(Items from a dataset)
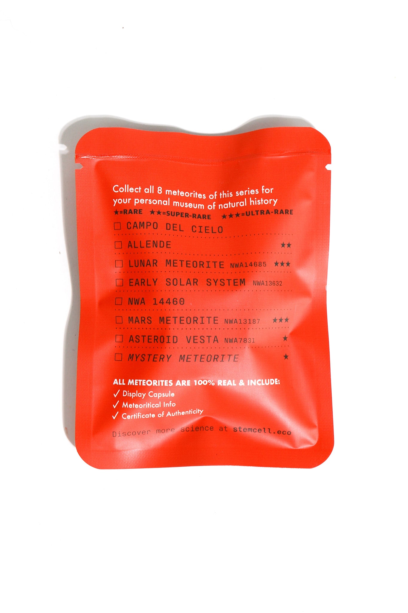 Rarity matters. Lunar and martian meteorites—along with Allende and Vesta specimens—are exceedingly rare in nature, and their market value can be many times the price of this blind bag. Lucky collectors could pull an investment grade meteorite at a great discount.
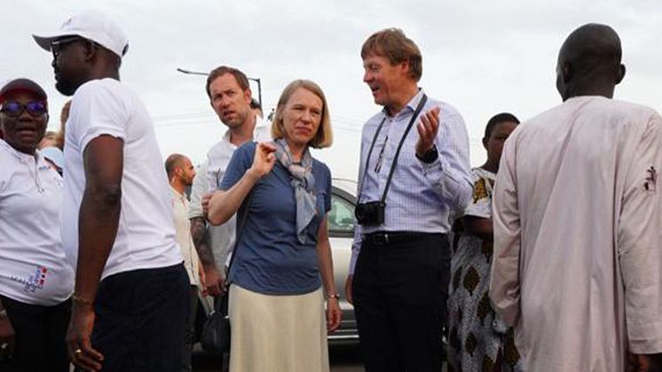 Utenriksminister Anniken Huitfelt besøker tørrfiskmarkedet White Sands, i Lagos. Her sammen med sjømatutsending Trond Kostveit
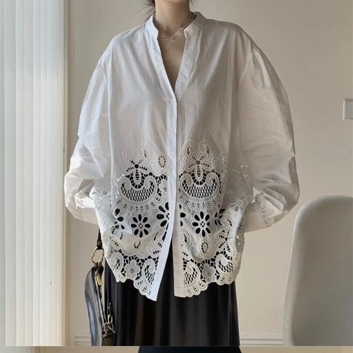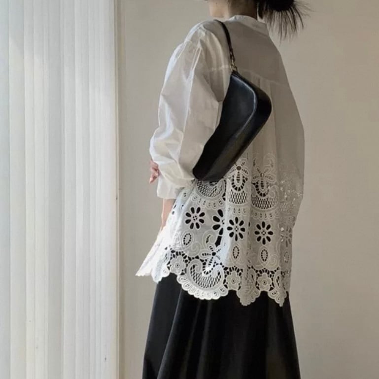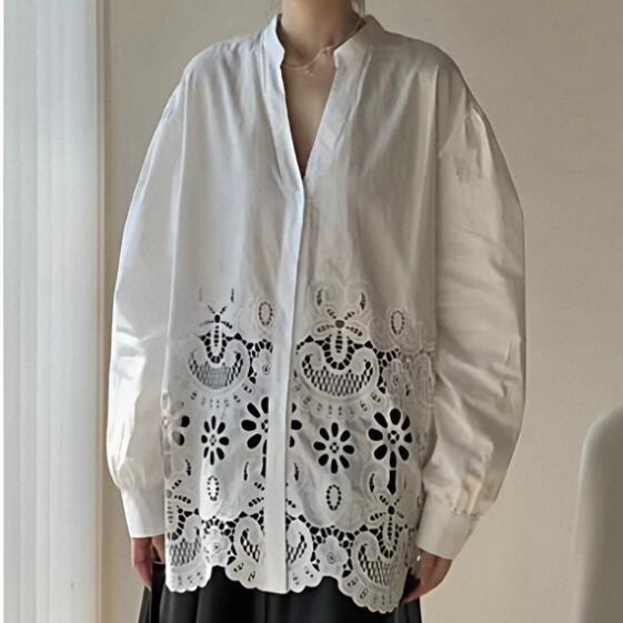 カットワークデザインが目を引く長袖シャツ。長めの丈なので、気になる体型もカバーしつつ、様々なボトムスとのコーディネートを楽しめます。
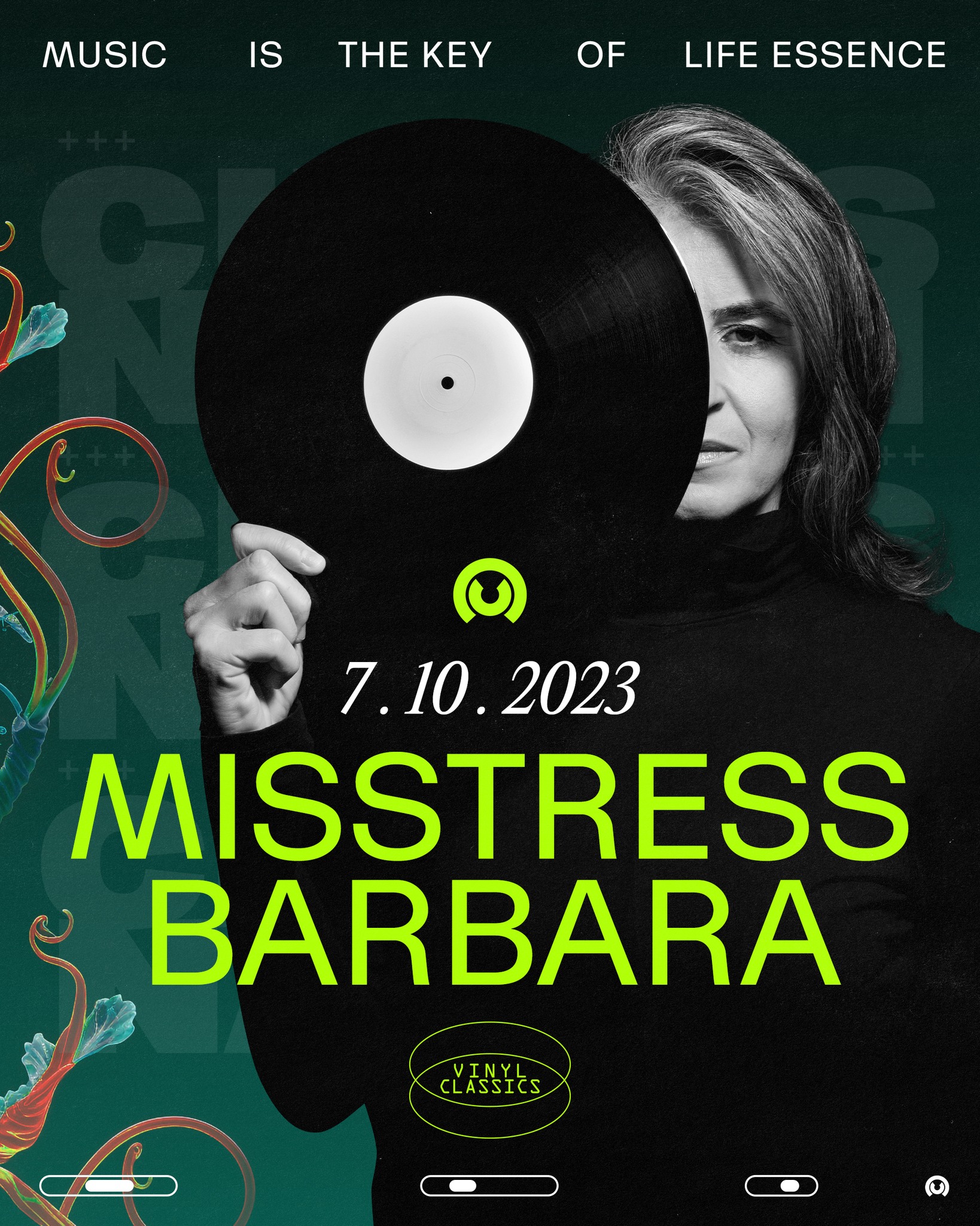 La italo-canadiense MISSTRESS BARBARA es la primera dj confirmada de cara a esta nueva edición. Siendo toda una leyenda de la escena Underground, la dj y productora hará disfrutar al público de ese sonido Techno muy especial y selecto, alzando su irresistible Hard Beat de esencias House hasta las cotas más elevadas. Además, su actuación será a vinilo, algo que reivindicará el festival ofreciendo un escenario (Vinyl Classics) con actuaciones exclusivas a los platos y donde estará la diva del Techno.
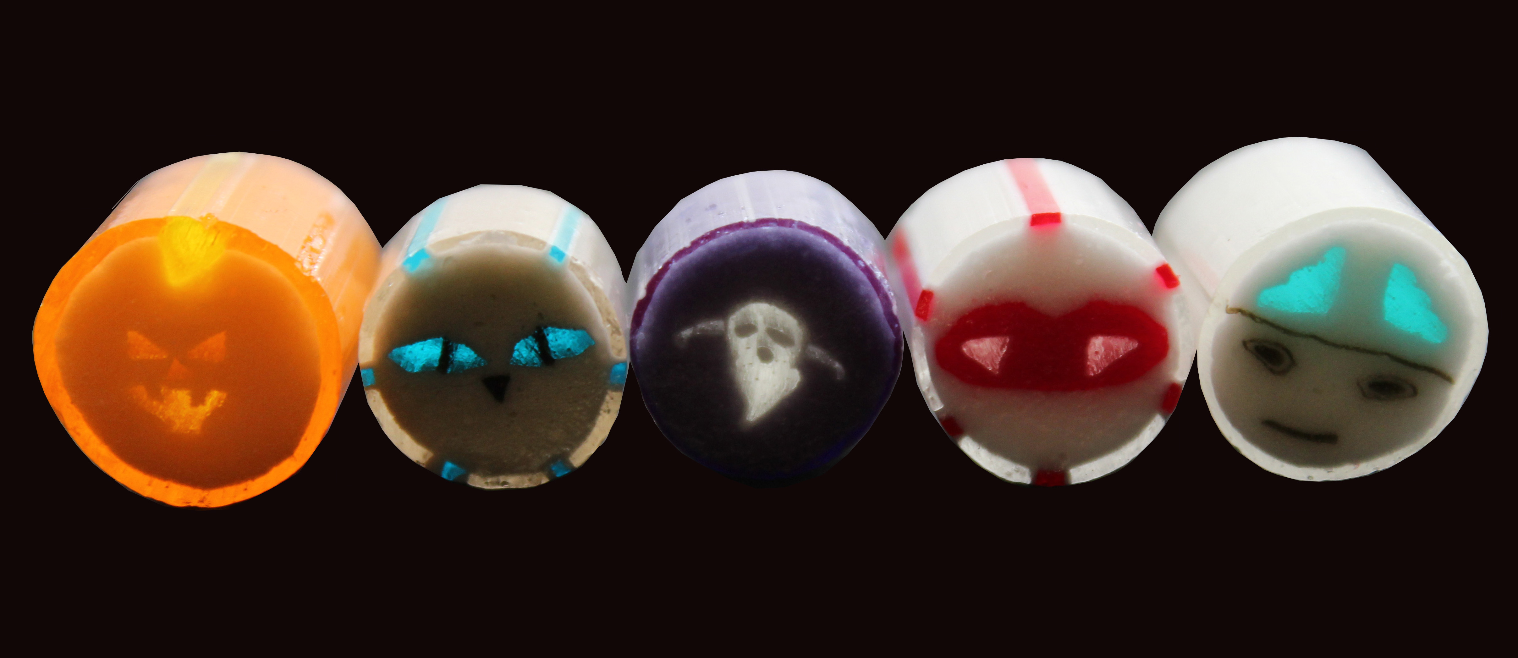 今回、パフォーマンスを行うに至った経緯は、9月下旬に販売したばかりの「暗闇ミックスキャンディ」がはじまり。こちらは、ジャックオランタン(マンゴー)、猫(ライムコーラ)、オバケ(サワーレモン)、牙(チェリーブランデー)、脳みそくん(ソーダ)と、ハロウィンモチーフとなっている。そしてこのキャンディを光に透かすと、柄が浮かび上がってくるのだ。

## Work order
Write every entry out again exactly, dropping the pictures.

## Solution
 Rarity matters. Lunar and martian meteorites—along with Allende and Vesta specimens—are exceedingly rare in nature, and their market value can be many times the price of this blind bag. Lucky collectors could pull an investment grade meteorite at a great discount.
 Utenriksminister Anniken Huitfelt besøker tørrfiskmarkedet White Sands, i Lagos. Her sammen med sjømatutsending Trond Kostveit
 カットワークデザインが目を引く長袖シャツ。長めの丈なので、気になる体型もカバーしつつ、様々なボトムスとのコーディネートを楽しめます。
 La italo-canadiense MISSTRESS BARBARA es la primera dj confirmada de cara a esta nueva edición. Siendo toda una leyenda de la escena Underground, la dj y productora hará disfrutar al público de ese sonido Techno muy especial y selecto, alzando su irresistible Hard Beat de esencias House hasta las cotas más elevadas. Además, su actuación será a vinilo, algo que reivindicará el festival ofreciendo un escenario (Vinyl Classics) con actuaciones exclusivas a los platos y donde estará la diva del Techno.
 今回、パフォーマンスを行うに至った経緯は、9月下旬に販売したばかりの「暗闇ミックスキャンディ」がはじまり。こちらは、ジャックオランタン(マンゴー)、猫(ライムコーラ)、オバケ(サワーレモン)、牙(チェリーブランデー)、脳みそくん(ソーダ)と、ハロウィンモチーフとなっている。そしてこのキャンディを光に透かすと、柄が浮かび上がってくるのだ。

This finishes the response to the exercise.